_Exercise_
Find the line with "The Bulova Snorkel 98B449" in the entries below, then output every line from it down to the line with "فستان لانجيري أنيق", exactly and with no pictures.

_Entries shown_

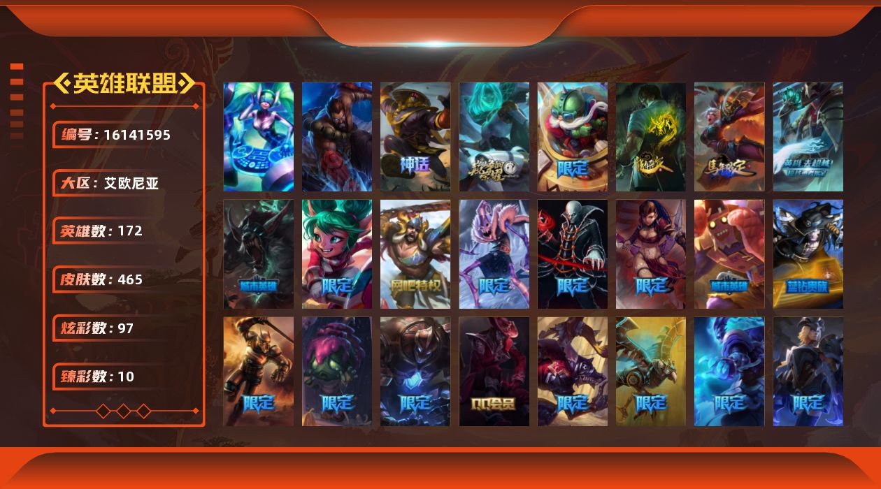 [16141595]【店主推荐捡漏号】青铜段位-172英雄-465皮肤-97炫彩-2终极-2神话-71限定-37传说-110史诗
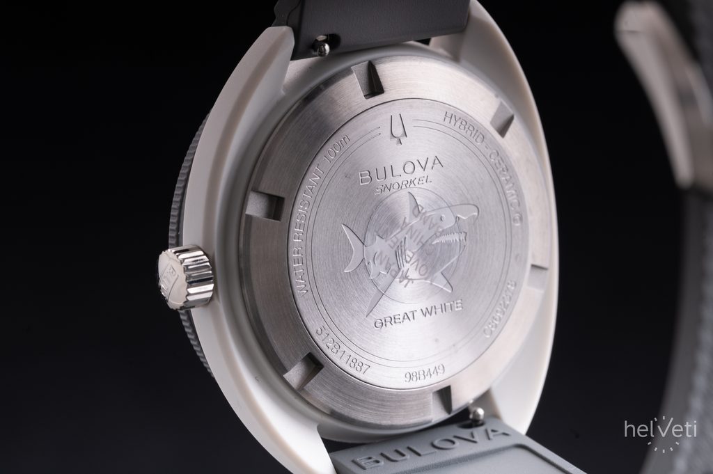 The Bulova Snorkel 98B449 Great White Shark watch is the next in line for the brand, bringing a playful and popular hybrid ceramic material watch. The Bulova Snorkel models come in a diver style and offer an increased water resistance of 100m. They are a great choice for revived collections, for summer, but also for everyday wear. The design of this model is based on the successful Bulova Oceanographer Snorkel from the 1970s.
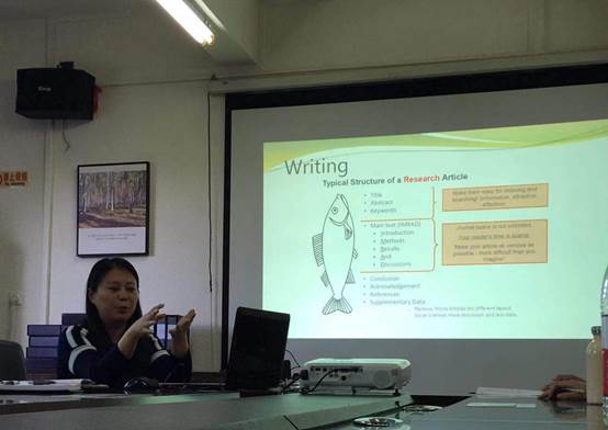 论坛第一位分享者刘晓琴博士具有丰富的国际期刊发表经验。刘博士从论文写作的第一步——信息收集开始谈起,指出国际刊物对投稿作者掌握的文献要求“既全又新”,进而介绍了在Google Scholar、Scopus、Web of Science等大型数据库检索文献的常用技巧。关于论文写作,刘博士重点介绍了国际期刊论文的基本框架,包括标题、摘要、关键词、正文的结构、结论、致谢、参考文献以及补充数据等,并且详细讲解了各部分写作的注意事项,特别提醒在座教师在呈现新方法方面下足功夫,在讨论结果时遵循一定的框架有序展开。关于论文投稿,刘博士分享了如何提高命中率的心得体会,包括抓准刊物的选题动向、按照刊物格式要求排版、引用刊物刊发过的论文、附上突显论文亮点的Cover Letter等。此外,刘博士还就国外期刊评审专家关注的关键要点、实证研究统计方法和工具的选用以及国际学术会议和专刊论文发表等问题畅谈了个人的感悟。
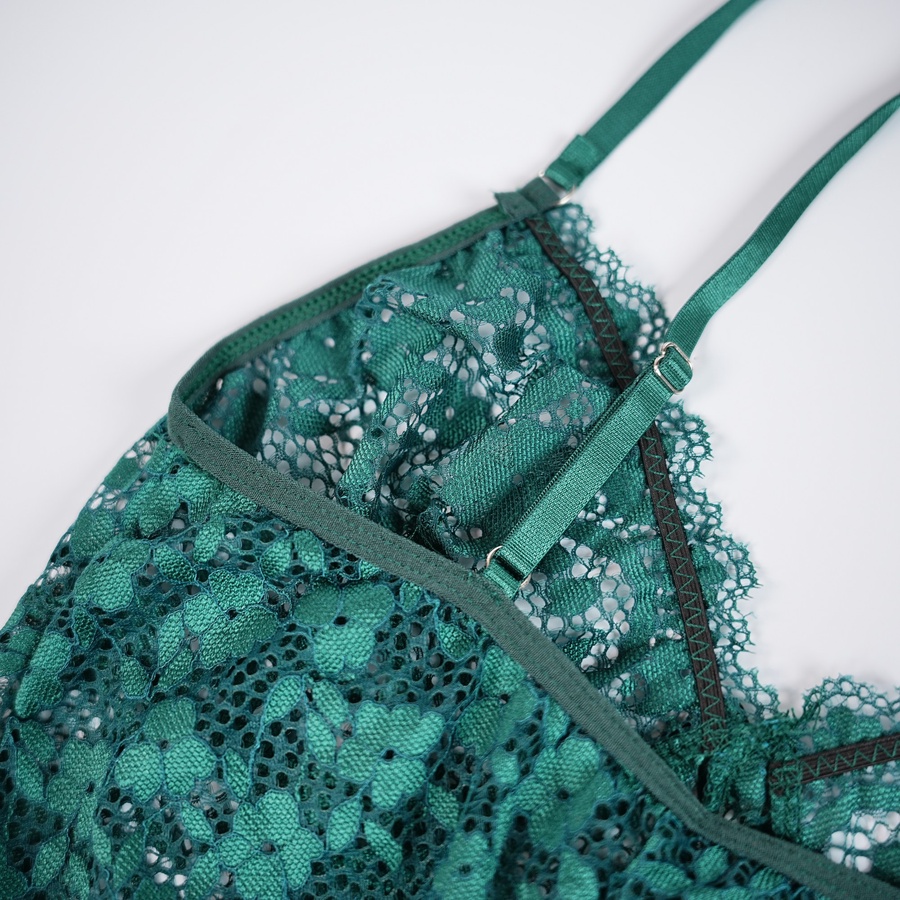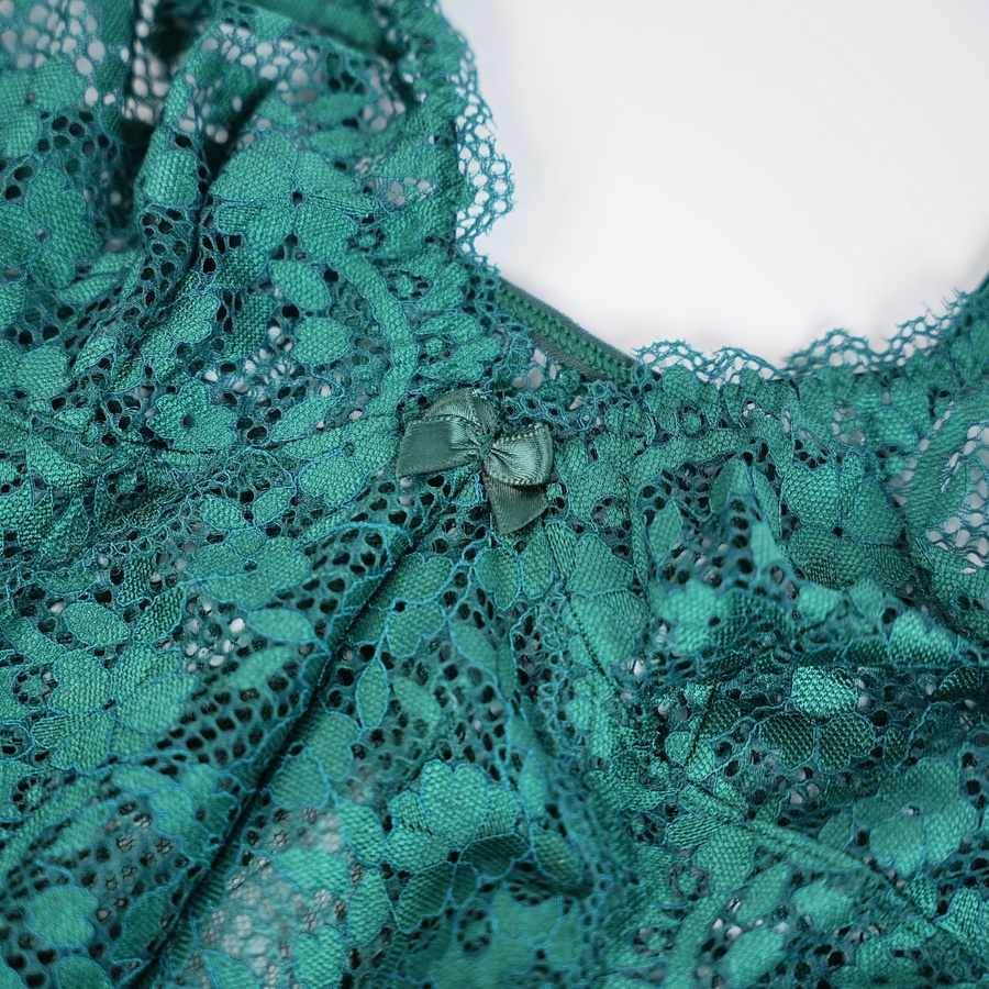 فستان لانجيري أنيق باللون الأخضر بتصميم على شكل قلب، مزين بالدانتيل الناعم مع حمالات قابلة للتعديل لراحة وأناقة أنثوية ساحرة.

==

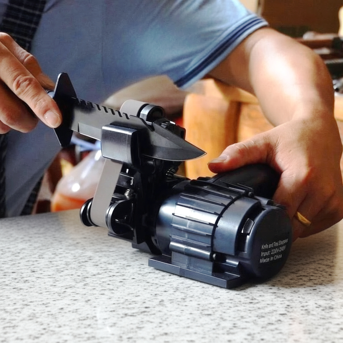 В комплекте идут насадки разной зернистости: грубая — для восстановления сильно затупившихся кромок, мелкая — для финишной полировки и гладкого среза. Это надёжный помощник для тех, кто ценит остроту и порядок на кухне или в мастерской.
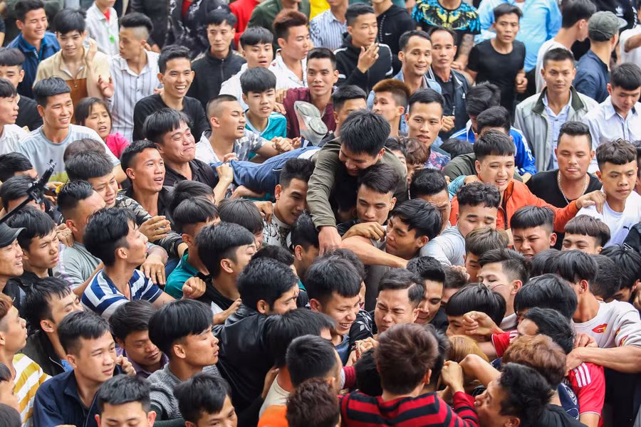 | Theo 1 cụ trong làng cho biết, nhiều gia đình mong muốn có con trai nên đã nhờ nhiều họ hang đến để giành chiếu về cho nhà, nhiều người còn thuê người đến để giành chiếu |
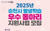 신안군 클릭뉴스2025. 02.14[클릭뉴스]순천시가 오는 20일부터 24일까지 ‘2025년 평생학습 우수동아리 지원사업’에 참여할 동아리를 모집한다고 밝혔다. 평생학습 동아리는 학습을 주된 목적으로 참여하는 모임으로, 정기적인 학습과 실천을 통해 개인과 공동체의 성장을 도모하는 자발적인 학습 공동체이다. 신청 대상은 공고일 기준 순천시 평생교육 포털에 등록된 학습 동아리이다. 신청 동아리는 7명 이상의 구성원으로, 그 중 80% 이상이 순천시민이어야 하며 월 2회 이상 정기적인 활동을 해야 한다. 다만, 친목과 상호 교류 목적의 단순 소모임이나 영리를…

_Task result_
 The Bulova Snorkel 98B449 Great White Shark watch is the next in line for the brand, bringing a playful and popular hybrid ceramic material watch. The Bulova Snorkel models come in a diver style and offer an increased water resistance of 100m. They are a great choice for revived collections, for summer, but also for everyday wear. The design of this model is based on the successful Bulova Oceanographer Snorkel from the 1970s.
 论坛第一位分享者刘晓琴博士具有丰富的国际期刊发表经验。刘博士从论文写作的第一步——信息收集开始谈起,指出国际刊物对投稿作者掌握的文献要求“既全又新”,进而介绍了在Google Scholar、Scopus、Web of Science等大型数据库检索文献的常用技巧。关于论文写作,刘博士重点介绍了国际期刊论文的基本框架,包括标题、摘要、关键词、正文的结构、结论、致谢、参考文献以及补充数据等,并且详细讲解了各部分写作的注意事项,特别提醒在座教师在呈现新方法方面下足功夫,在讨论结果时遵循一定的框架有序展开。关于论文投稿,刘博士分享了如何提高命中率的心得体会,包括抓准刊物的选题动向、按照刊物格式要求排版、引用刊物刊发过的论文、附上突显论文亮点的Cover Letter等。此外,刘博士还就国外期刊评审专家关注的关键要点、实证研究统计方法和工具的选用以及国际学术会议和专刊论文发表等问题畅谈了个人的感悟。
 فستان لانجيري أنيق باللون الأخضر بتصميم على شكل قلب، مزين بالدانتيل الناعم مع حمالات قابلة للتعديل لراحة وأناقة أنثوية ساحرة.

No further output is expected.